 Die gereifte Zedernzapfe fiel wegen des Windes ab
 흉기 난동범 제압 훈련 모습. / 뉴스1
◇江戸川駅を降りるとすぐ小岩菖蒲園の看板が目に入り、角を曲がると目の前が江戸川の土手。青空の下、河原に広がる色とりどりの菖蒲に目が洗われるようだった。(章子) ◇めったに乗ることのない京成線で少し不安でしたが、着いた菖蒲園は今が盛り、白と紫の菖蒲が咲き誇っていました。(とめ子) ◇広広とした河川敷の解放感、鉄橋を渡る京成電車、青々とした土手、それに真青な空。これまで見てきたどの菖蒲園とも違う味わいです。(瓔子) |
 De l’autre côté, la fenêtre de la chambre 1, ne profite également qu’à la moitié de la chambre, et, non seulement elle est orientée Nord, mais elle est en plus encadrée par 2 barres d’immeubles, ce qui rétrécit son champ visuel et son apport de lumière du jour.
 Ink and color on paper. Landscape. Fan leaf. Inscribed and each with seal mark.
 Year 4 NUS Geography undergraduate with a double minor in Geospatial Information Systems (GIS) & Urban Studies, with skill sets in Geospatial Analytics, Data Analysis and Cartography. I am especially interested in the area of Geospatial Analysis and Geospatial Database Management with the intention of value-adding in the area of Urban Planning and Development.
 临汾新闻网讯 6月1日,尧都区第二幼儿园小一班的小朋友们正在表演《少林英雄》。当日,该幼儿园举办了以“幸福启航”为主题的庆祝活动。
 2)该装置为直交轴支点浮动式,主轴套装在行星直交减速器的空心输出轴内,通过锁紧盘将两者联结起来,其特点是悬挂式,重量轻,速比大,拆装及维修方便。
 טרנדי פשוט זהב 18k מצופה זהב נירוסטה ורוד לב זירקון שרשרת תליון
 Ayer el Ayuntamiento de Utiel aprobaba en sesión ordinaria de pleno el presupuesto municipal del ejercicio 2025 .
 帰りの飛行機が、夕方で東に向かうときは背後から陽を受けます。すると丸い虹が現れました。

> [WORK ITEM]:
Retype each record exactly, leaving nothing out.

> [SOLUTION FOR THIS EXERCISE]:
 Die gereifte Zedernzapfe fiel wegen des Windes ab
 흉기 난동범 제압 훈련 모습. / 뉴스1
◇江戸川駅を降りるとすぐ小岩菖蒲園の看板が目に入り、角を曲がると目の前が江戸川の土手。青空の下、河原に広がる色とりどりの菖蒲に目が洗われるようだった。(章子) ◇めったに乗ることのない京成線で少し不安でしたが、着いた菖蒲園は今が盛り、白と紫の菖蒲が咲き誇っていました。(とめ子) ◇広広とした河川敷の解放感、鉄橋を渡る京成電車、青々とした土手、それに真青な空。これまで見てきたどの菖蒲園とも違う味わいです。(瓔子) |
 De l’autre côté, la fenêtre de la chambre 1, ne profite également qu’à la moitié de la chambre, et, non seulement elle est orientée Nord, mais elle est en plus encadrée par 2 barres d’immeubles, ce qui rétrécit son champ visuel et son apport de lumière du jour.
 Ink and color on paper. Landscape. Fan leaf. Inscribed and each with seal mark.
 Year 4 NUS Geography undergraduate with a double minor in Geospatial Information Systems (GIS) & Urban Studies, with skill sets in Geospatial Analytics, Data Analysis and Cartography. I am especially interested in the area of Geospatial Analysis and Geospatial Database Management with the intention of value-adding in the area of Urban Planning and Development.
 临汾新闻网讯 6月1日,尧都区第二幼儿园小一班的小朋友们正在表演《少林英雄》。当日,该幼儿园举办了以“幸福启航”为主题的庆祝活动。
 2)该装置为直交轴支点浮动式,主轴套装在行星直交减速器的空心输出轴内,通过锁紧盘将两者联结起来,其特点是悬挂式,重量轻,速比大,拆装及维修方便。
 טרנדי פשוט זהב 18k מצופה זהב נירוסטה ורוד לב זירקון שרשרת תליון
 Ayer el Ayuntamiento de Utiel aprobaba en sesión ordinaria de pleno el presupuesto municipal del ejercicio 2025 .
 帰りの飛行機が、夕方で東に向かうときは背後から陽を受けます。すると丸い虹が現れました。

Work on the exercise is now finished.